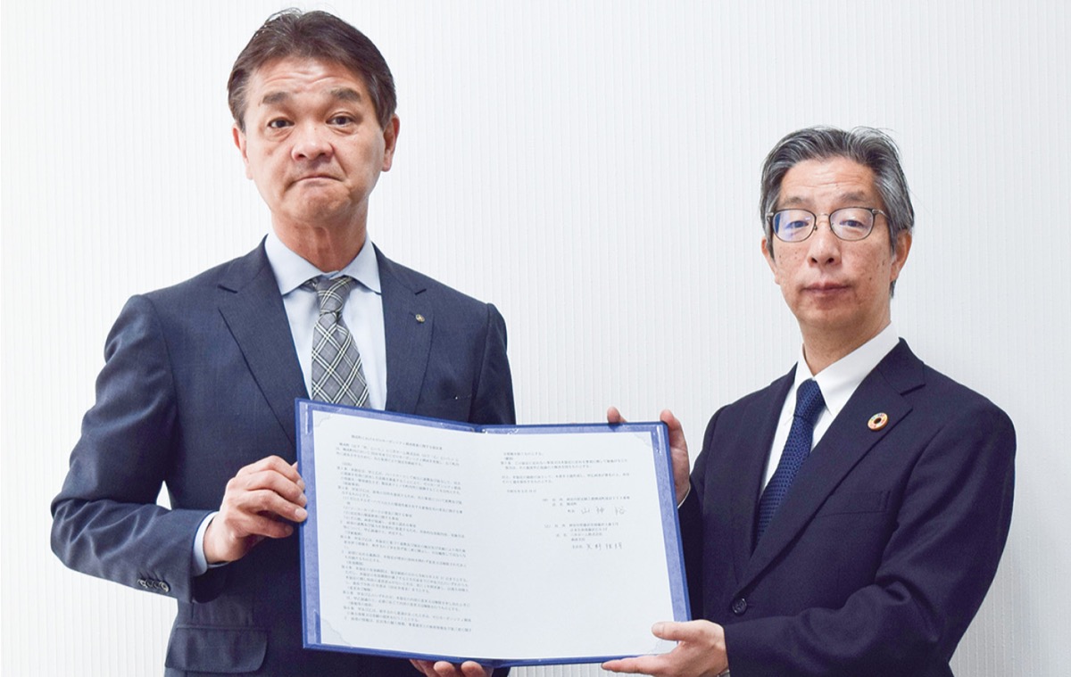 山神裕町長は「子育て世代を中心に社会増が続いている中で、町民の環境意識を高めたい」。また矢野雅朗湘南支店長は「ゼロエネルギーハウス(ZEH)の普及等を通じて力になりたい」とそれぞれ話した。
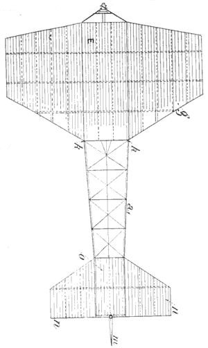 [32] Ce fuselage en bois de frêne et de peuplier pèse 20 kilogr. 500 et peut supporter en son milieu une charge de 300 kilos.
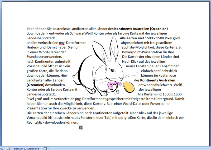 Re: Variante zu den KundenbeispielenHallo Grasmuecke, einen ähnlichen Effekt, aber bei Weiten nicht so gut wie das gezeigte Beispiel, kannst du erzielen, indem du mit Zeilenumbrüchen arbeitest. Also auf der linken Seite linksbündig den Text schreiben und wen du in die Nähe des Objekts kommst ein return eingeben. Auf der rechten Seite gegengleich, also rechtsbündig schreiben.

[Instructions for the task]:
Make a word-for-word repeat of the material, skipping all pictures.

[Solution to this problem]:
 山神裕町長は「子育て世代を中心に社会増が続いている中で、町民の環境意識を高めたい」。また矢野雅朗湘南支店長は「ゼロエネルギーハウス(ZEH)の普及等を通じて力になりたい」とそれぞれ話した。
 [32] Ce fuselage en bois de frêne et de peuplier pèse 20 kilogr. 500 et peut supporter en son milieu une charge de 300 kilos.
 Re: Variante zu den KundenbeispielenHallo Grasmuecke, einen ähnlichen Effekt, aber bei Weiten nicht so gut wie das gezeigte Beispiel, kannst du erzielen, indem du mit Zeilenumbrüchen arbeitest. Also auf der linken Seite linksbündig den Text schreiben und wen du in die Nähe des Objekts kommst ein return eingeben. Auf der rechten Seite gegengleich, also rechtsbündig schreiben.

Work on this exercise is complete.